N = len(Data['Likert'])
K = 2
RankEpsilonSq = 0.580769
RankEtaSq = 1 - (1 - RankEpsilonSq) * ((N - 1) / (N - K - 1))
round(RankEtaSq, 4)
0.5497
### Rank eta-squared = 0.5497
Post-hoc tests for multiple comparisons of groups
Some results below differ slightly from those reported by R. This may have to do with differences p-value adjustment methods.
Dunn test
Several different p-value adjustment methods are available. See the function documentation for the options.
sp.posthoc_dunn(Data, val_col='Likert', group_col='Speaker', p_adjust='holm')
Pooh Piglet Tigger
Pooh 1.000000 0.000489 0.630298
Piglet 0.000489 1.000000 0.002011
Tigger 0.630298 0.002011 1.0000000
Conover test
Several different p-value adjustment methods are available. See the function documentation for the options.

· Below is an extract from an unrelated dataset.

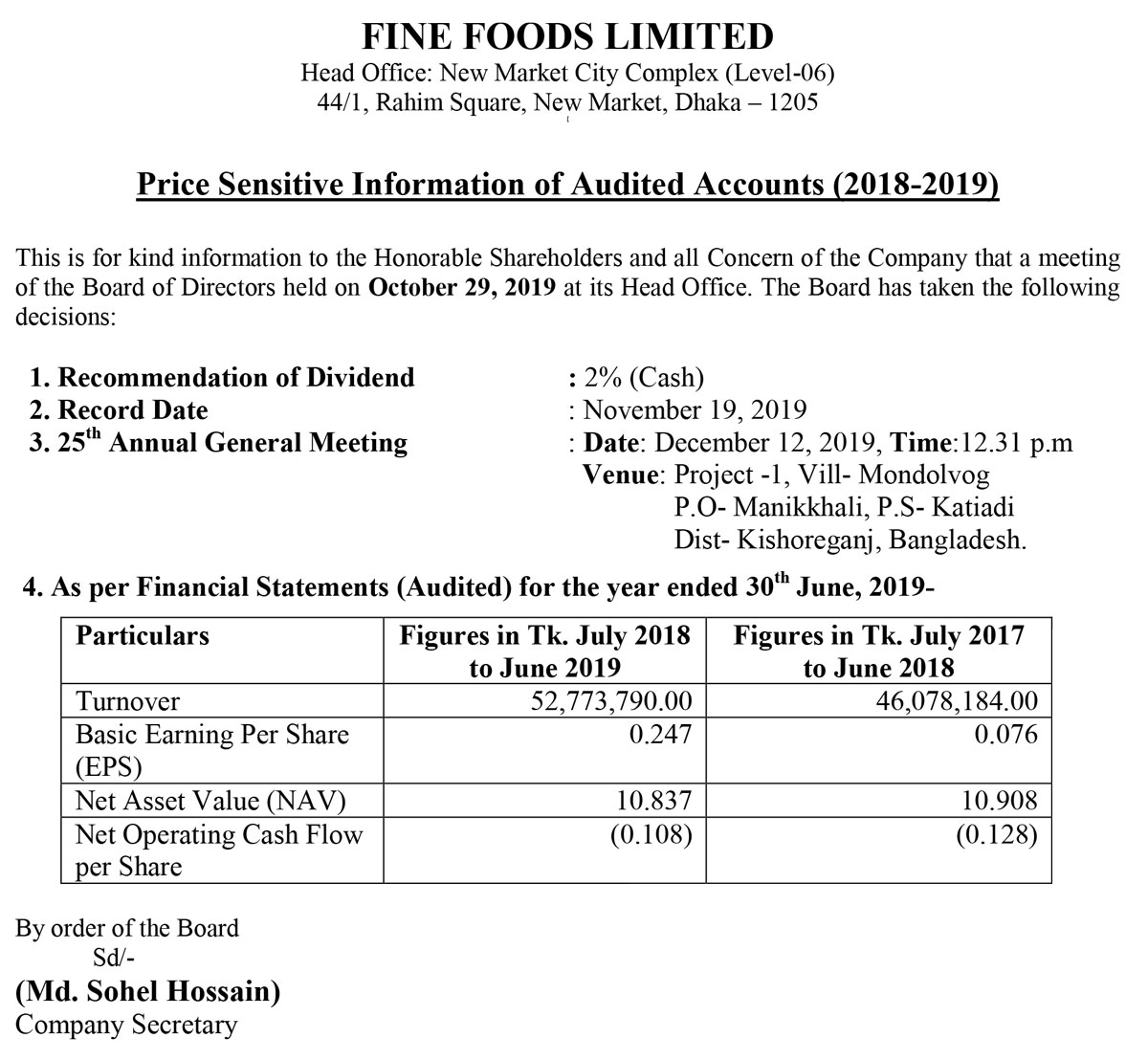 Price Sensitive Information of Audited Accounts of Fine Foods Limited

sp.posthoc_conover(Data, val_col='Likert', group_col='Speaker', p_adjust='sidak')
Pooh Piglet Tigger
Pooh 1.000000 0.000017 0.858881
Piglet 0.000017 1.000000 0.000119
Tigger 0.858881 0.000119 1.000000
Nemenyi test
sp.posthoc_nemenyi(Data, val_col='Likert', group_col='Speaker')
Pooh Piglet Tigger
Pooh 1.000000 0.000819 0.890628
Piglet 0.000819 1.000000 0.004478
Tigger 0.890628 0.004478 1.000000
Dwass–Steel–Critchlow–Fligner test
sp.posthoc_dscf(Data, val_col='Likert', group_col='Speaker')
Pooh Piglet Tigger
Pooh 1.000000 0.001183 0.769015
Piglet 0.001183 1.000000 0.002073
Tigger 0.769015 0.002073 1.000000
Plot of medians and confidence intervals
The following plots the median Likert score for each Speaker, with confidence intervals for the medians, calculated with bootstrap.
Simple seaborn call
sns.catplot(data=Data, x='Speaker', y='Likert', kind='point',
errorbar=('ci'), estimator='median', capsize=0.12,
linestyles='none')
Formatting and export as file
sns.set_theme(style='darkgrid')
Plot = sns.catplot(data=Data, x='Speaker', y='Likert', kind='point',
errorbar=('ci'), estimator='median', capsize=0.12,
linestyles='none',
height=4, aspect=1.33)
Plot.set_titles('')
Plot.set_xlabels('\nSpeaker')
Plot.set_ylabels('Median Likert\n')
Plot.tight_layout()
plt.text(x= -0.05, y=5.25, s="a", fontsize=12, color='black')
plt.text(x= 0.95, y=3.25, s="b", fontsize=12, color='black')
plt.text(x= 1.98, y=4.75, s="a", fontsize=12, color='black')
Plot.savefig('LikertMedianSpeaker.png', format='png', dpi=300)

Plot of median Likert score versus Speaker. Error bars indicate the 95% confidence intervals for the median by bootstrap method.